Ensuring writable stream is flushed on exception

timbowhite commented 12 years ago

Hi, this isn't really an issue w/ bunyan, but more of an FYI hack I'm using to ensure writable streams are flushed/closed when unhandled exceptions occur in a process.

For instance, the following will result in an empty foo.log file:

var Logger = require('bunyan'),
    util = require('util'),
    foo = new Logger({
        name: "foo",
        streams: [{
            path: "./foo.log"
        }]
    });

foo.info("hello");

throw new Error('suicide');

That stinks as the log file won't contain the "hello" entry, nor offer any clue as to what happened. A hack to rectify this:

var Logger = require('bunyan'),
    util = require('util'),
    foo = new Logger({
        name: "foo",
        streams: [{
            path: "./foo.log"
        }]
    });

foo.info("hello");

// using uncaughtException is bad m'kay
process.on('uncaughtException', function (err) {
    // prevent infinite recursion
    process.removeListener('uncaughtException', arguments.callee);

    // bonus: log the exception
    foo.fatal(err);

    if (typeof(foo.streams[0]) !== 'object') return;

    // throw the original exception once stream is closed
    foo.streams[0].stream.on('close', function(streamErr, stream) {
        throw err;
    });

    // close stream, flush buffer to disk
    foo.streams[0].stream.end();
});

throw new Error('suicide');

This probably makes node.js purists grind their teeth, but it's effective at logging both the "hello" entry and the exception, and rethrows the original exception.

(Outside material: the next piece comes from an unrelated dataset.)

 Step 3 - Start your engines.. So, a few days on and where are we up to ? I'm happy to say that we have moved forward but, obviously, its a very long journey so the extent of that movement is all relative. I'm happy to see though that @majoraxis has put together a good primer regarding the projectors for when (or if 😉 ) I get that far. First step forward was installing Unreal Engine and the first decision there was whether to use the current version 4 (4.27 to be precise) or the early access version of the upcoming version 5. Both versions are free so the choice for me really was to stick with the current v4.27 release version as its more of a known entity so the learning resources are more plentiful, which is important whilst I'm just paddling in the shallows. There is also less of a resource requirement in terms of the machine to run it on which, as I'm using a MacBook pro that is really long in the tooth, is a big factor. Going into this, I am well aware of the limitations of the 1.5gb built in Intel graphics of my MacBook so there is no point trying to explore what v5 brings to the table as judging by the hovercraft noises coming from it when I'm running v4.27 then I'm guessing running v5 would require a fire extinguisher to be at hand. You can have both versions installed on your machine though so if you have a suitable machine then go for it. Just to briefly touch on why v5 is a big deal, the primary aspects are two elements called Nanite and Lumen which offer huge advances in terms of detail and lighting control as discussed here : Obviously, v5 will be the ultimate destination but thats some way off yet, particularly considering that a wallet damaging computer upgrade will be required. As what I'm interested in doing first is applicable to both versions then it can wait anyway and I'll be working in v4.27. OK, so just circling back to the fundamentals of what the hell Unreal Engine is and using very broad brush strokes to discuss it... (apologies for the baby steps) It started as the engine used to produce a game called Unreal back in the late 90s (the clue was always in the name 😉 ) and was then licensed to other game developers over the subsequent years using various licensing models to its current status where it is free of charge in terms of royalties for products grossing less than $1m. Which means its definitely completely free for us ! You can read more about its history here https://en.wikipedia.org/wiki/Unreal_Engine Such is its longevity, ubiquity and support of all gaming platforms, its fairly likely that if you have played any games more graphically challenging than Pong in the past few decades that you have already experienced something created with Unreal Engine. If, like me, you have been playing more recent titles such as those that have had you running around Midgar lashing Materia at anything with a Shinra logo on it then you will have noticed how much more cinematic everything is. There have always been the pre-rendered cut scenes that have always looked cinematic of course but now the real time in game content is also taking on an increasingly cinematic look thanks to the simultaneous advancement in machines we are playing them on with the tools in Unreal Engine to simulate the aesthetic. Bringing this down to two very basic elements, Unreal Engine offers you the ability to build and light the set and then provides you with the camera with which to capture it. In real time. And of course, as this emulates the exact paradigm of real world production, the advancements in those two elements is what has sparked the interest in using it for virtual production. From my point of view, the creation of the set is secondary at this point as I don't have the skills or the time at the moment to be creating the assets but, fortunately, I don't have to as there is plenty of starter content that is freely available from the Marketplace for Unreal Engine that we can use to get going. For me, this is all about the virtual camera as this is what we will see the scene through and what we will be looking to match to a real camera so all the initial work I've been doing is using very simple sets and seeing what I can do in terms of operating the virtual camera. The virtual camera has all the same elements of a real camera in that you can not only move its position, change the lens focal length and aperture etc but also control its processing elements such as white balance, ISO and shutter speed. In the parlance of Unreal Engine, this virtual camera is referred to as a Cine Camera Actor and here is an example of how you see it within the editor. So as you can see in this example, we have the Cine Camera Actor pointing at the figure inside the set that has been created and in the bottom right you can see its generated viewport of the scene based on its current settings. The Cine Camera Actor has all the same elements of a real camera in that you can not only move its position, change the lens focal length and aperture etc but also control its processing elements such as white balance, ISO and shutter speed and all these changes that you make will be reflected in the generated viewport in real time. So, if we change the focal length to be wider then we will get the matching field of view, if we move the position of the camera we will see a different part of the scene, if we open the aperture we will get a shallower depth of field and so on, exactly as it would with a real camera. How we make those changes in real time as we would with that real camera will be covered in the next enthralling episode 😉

Doing this w/ multiple streams would be trickier, as you'd have to detect that they were all closed before rethrowing the exception. I'm not sure that bunyan triggers a "close" event when all writable streams are closed, ie: foo.on('close', function(streamErr, stream) { throw err; });.

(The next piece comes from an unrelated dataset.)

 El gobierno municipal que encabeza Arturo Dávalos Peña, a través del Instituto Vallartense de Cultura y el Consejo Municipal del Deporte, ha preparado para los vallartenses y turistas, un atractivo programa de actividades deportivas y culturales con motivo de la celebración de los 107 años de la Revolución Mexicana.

One last note, calling process.nextTick({ process.exit() }); instead of plain old process.exit(); usually gives the writable stream(s) a chance to flush.

trentm commented 12 years ago

Thanks for this. Yes, a little bit gross. :) Might be nice to have Bunyan have a convenience method for something like this. I'm curious what winston and others do, if anythin.g

trentm commented 12 years ago

Had some discussion on this. Basically I should finish the implementation of Logger.close() (it is started and commented out). This would walk through and call stream.end() for all the streams that should be closed (per the existing stream.closeOnExit attribute). This is similar in spirit to Python's http://docs.python.org/library/logging.html#logging.shutdown.

It should probably be called Logger.end() I guess.

Two remaining questions.

Q1: The only other question then is whether to automatically set this up? That would mean calling this on logger creation:

process.on('exit', function () {
   self.end();
});

The non-default alternative is to just document the issue (that process.exit() can result in not all log messages being flushed to their files) and document this recommended usage:

process.on('exit', function () { log.end(); });

Q2: Deal with the outstanding questions of ownership of streams w.r.t log.child() usage.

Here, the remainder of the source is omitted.